Collected data
[Start of section]
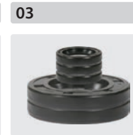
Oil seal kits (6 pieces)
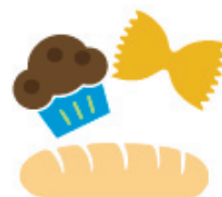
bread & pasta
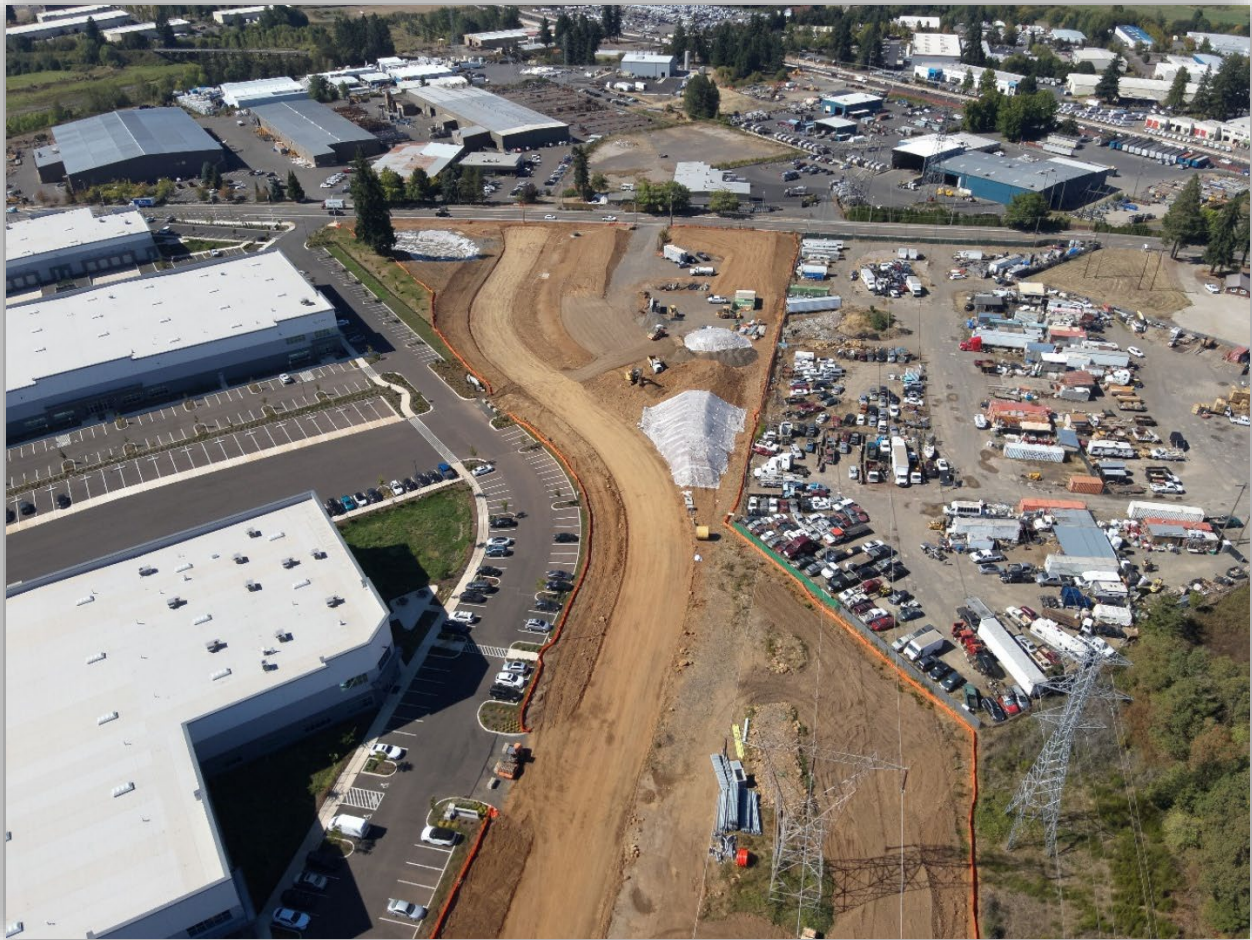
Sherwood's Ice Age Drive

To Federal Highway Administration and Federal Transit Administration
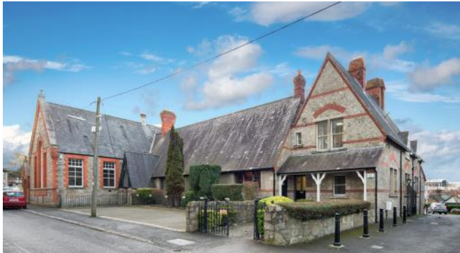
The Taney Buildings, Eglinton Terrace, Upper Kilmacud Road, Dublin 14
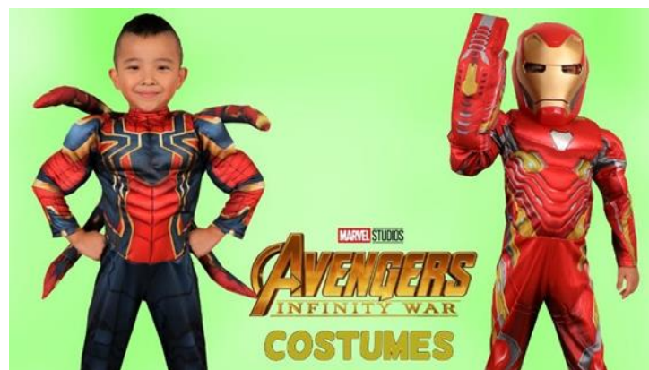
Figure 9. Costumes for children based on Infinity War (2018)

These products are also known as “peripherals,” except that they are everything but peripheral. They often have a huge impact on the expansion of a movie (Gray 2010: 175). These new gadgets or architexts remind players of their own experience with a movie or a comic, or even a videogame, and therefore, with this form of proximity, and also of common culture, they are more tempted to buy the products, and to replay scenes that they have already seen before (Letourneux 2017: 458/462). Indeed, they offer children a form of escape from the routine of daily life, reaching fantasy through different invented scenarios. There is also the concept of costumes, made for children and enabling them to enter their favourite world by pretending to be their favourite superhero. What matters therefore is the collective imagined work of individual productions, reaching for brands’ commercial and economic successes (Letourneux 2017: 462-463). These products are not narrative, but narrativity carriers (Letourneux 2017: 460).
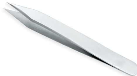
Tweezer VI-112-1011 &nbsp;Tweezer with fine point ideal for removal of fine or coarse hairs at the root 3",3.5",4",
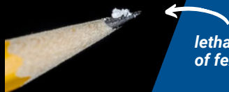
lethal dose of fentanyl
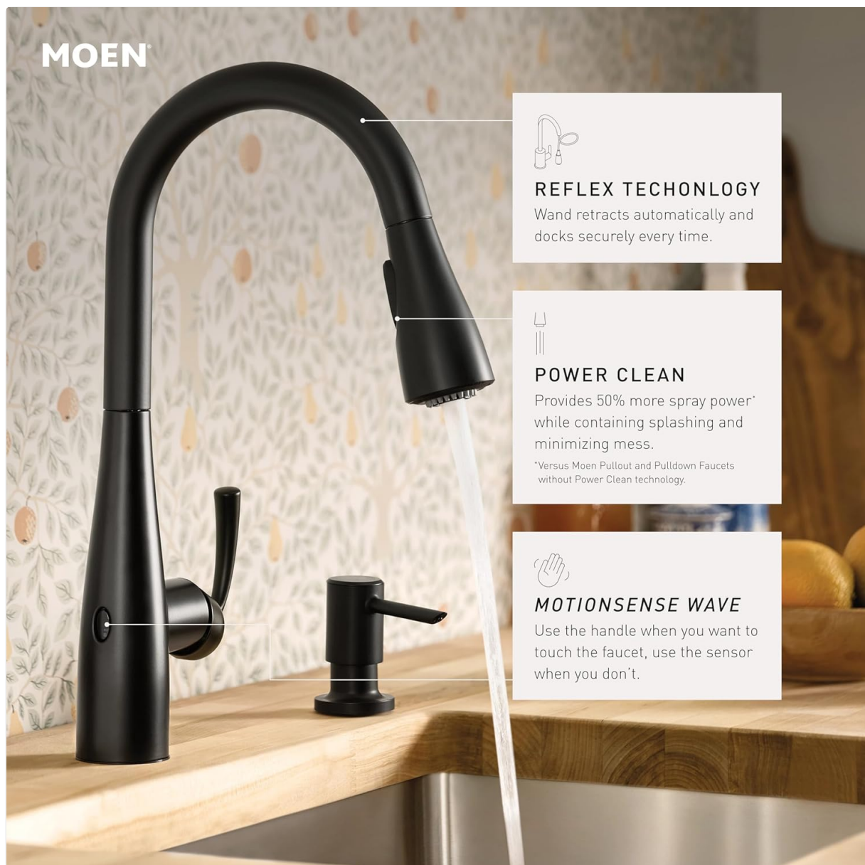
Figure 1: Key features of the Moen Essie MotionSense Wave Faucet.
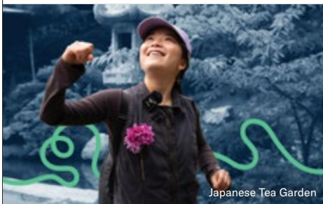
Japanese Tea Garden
[End of section]
Each line from the one containing "lethal dose of fentanyl" through the end of the records above is to be retyped exactly, with the pictures omitted and nothing added.

-- EXPECTED ANSWER --
lethal dose of fentanyl
Figure 1: Key features of the Moen Essie MotionSense Wave Faucet.
Japanese Tea Garden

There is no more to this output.